What is Tink?

Tink is an open-source cryptography library written by cryptographers and security engineers at Google. Tink's secure and simple APIs reduce common pitfalls through user-centered design, careful implementation and code reviews, and extensive testing. See the Goals section on this page for more insight into which objectives Tink was designed to fulfil.

Tink helps users without a cryptography background safely implement common cryptographic tasks. At Google, Tink has been deployed in hundreds of products and systems.

Why should I use Tink?

The most important reasons to use Tink are:

  • It's simple to use

    Cryptography is difficult to get right. With Tink, you can encrypt or sign data with built-in security guarantees using just a few lines of code. Tink can also help you rotate keys or secure keys using external Key Management Systems (KMSs).

  • It's secure

    Tink adds security protections on top of well known libraries like BoringSSL and Java Cryptography Architecture and shows them right in the interfaces, so auditors and tools can quickly find gaps. Tink also separates APIs that are potentially dangerous, so you can monitor them.

  • It's compatible

    Tink ciphertexts are compatible with existing cryptography libraries. Tink also supports encrypting or storing keys in Amazon KMS, Google Cloud KMS, Android Keystore, and iOS Keychain.

Who's using Tink?

Tink is widely used by many companies, including Google, Square, and Citadel, as well as hundreds of Google Cloud customers and Google Pay partners. Tink also powers the Jetpack Security library, which secures many popular Android apps like Slack, Adidas, AirBnb, and Nextdoor.

Tink Goals

What are the main goals of Tink compared to other cryptographic libraries, and what are the main mechanisms which Tink uses to achieve these goals?

In short, Tink has two goals:

  1. Promote cryptographic agility: Users should be able to change keys and algorithms in a simple way.
  2. Enable security reviews: Tink aims to allow users to write code whose security can be reviewed locally, by providing interfaces which give clear security guarantees.

The main mechanisms Tink uses to achieve these goals are as follows:

  1. Tink provides primitives and interfaces as important abstractions. These abstractions allow users to write code which does not specify the exact algorithm to be used, but instead specifies the expected security notion.
  2. Tink uses the notion of a "keyset", which is a set of keys that are associated with a particular primitive. This results in users writing code which works with multiple keys.
  3. In Tink, keys are not only specified by the underlying key material, but also the cryptographic algorithm, as well as all parameters. This means that a Tink key always selects a unique cryptographic function from all possible functions which can exist, and leaves no room for interpretation.

The following sections explain these concepts in more detail.

Cryptographic agility

Consider Software Engineering at Google, a book about lessons learned in the field of software engineering, with the subtitle "lessons learned from programming over time". In it, the authors go to great lengths to implore the implications of the fact that things change.
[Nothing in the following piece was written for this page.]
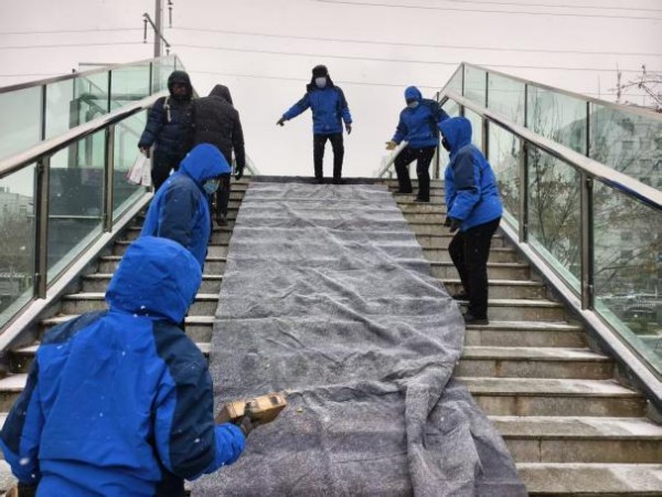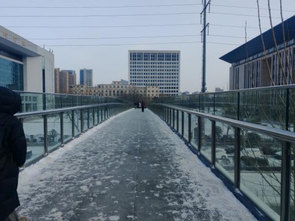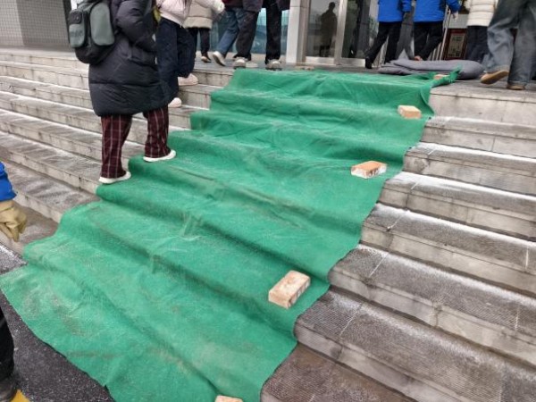 雪情即命令,行动显担当。早在降雪来临前,1月19日,后勤保障部提前在各教学楼、办公楼等主要楼宇的台阶、坡道铺设防滑地毯,并在易滑区域设置醒目警示标识,提前排查风险,筑牢第一道安全防线。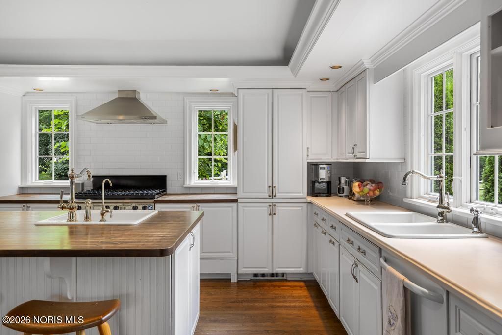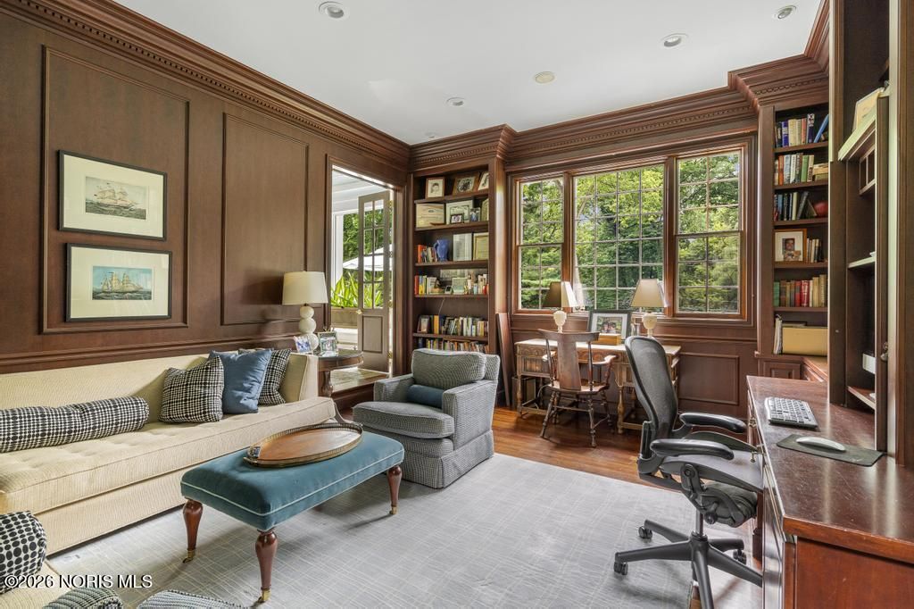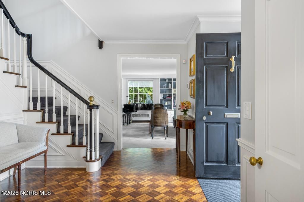 One of the Signature Homes In Ottawa Hills. The open foyer and winding staircase lead you to this cozy comfortable home, with many upgrades. Living room features WB fireplace, stunning built-ins and parquet floor. Bright happy family room overlooks Pool and Patio with built in kitchen space. Wood paneled library with built-ins & workspace for the computer. Formal dining area has crown molding & fireplace. Island kitchen offers eat-in space, gas cooktop, French door pantries, prep & bar sinks, fridge & freezer are oversized. Pre and bar sinks, a true entertaining space. Primary bedroom is vaulted, hardwood, balcony overlooks grounds. Bathroom offers sitting area, soaking tub, decorative FP & showstopping walk in closet with many built-in options. Brand new Primary shower and laundry.

This fact also impacted much of the design of Tink. In cryptography, it is important that one prepares for change. Keys will leak, and algorithms will be broken. Being able to switch out keys and algorithms is crucial for many users, and being prepared is prudent.

Security reviews and local properties

Tink promotes the use of interfaces, such as our AEAD interface, which allows users to encrypt data. Among other security guarantees, an AEAD guarantees that multiple encryptions of the same string result in different ciphertexts.

To see how this can be used, suppose an engineer wants to store some sensitive ID in a user cookie. They might provide a class such as this:

class IdEncrypter {
  public static IdEncrypter createFromAead(Aead aead);

  public String encrypt(long id) throws GeneralSecurityException;
  public long decrypt(String encrypted) throws GeneralSecurityException;
};

Passing an Aead obtains the following properties:

  1. The code communicates that for IdEncrypter to do its job, it requires an encryption scheme with the security properties an Aead provides. Alternatively, a DeterministicAead wouldn't be enough -- the IdEncrypter requires that two encryptions of the same id are different. On the other hand, taking as parameter an instance of an AES GCM encrypter (one particular instance of an Aead) would be overly strict: any Aead is enough for IdEncrypter to do its job, and it does not need to be one specific algorithm.
  2. A security review can take this point into account. A security reviewer does not need to go through all of the entire code repository to check if somewhere, someone made a subclass of Aead which is not secure for use with IdEncrypter. Instead, Tink provides security properties which all Aead objects have, and the reviewer can check that these are sufficient.

In particular the second point requires a lot of care. Users often ask to add algorithms which are 'not quite' an Aead. The previous point illustrates why this is dangerous: if there is any implementation of Aead available which does not provide the required security guarantees, IdEncrypter can become insecure, and the engineer performing a security review needs to examine additional code to check that the object is instantiated correctly.